-- WORK REQUIRED --
Somewhere below is a line with "Specify the columns" and, later, a line with "この11月末より登場の「HW"; repeat those two lines and all the lines between them, exactly as they are.

SUPPLIED RECORDS below:

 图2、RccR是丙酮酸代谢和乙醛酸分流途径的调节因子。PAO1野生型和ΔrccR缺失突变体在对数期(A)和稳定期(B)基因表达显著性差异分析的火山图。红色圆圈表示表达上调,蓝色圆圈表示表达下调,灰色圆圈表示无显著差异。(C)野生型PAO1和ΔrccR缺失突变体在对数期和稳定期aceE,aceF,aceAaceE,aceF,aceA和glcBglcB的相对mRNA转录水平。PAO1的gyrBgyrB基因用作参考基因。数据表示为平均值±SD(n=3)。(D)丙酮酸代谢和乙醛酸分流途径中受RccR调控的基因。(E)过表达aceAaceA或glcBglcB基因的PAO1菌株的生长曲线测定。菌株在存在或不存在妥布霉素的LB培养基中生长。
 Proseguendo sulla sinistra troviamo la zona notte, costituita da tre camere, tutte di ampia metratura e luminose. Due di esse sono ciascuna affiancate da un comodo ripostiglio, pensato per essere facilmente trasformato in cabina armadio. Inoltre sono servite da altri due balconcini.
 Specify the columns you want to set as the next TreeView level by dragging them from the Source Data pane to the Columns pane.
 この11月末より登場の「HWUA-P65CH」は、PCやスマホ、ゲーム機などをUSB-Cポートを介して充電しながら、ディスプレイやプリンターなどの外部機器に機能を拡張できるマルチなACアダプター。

End of SUPPLIED RECORDS.
SUPPLIED RECORDS below:

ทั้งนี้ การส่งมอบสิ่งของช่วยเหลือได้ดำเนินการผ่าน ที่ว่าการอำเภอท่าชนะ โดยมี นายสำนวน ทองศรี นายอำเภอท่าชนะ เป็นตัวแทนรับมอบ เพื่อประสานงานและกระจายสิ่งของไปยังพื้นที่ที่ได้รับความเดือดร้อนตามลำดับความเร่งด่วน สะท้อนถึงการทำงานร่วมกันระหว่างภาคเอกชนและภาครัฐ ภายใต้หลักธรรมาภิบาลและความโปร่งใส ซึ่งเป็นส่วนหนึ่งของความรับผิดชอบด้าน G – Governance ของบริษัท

End of SUPPLIED RECORDS.

-- RESULT FOR THIS TASK --
 Specify the columns you want to set as the next TreeView level by dragging them from the Source Data pane to the Columns pane.
 この11月末より登場の「HWUA-P65CH」は、PCやスマホ、ゲーム機などをUSB-Cポートを介して充電しながら、ディスプレイやプリンターなどの外部機器に機能を拡張できるマルチなACアダプター。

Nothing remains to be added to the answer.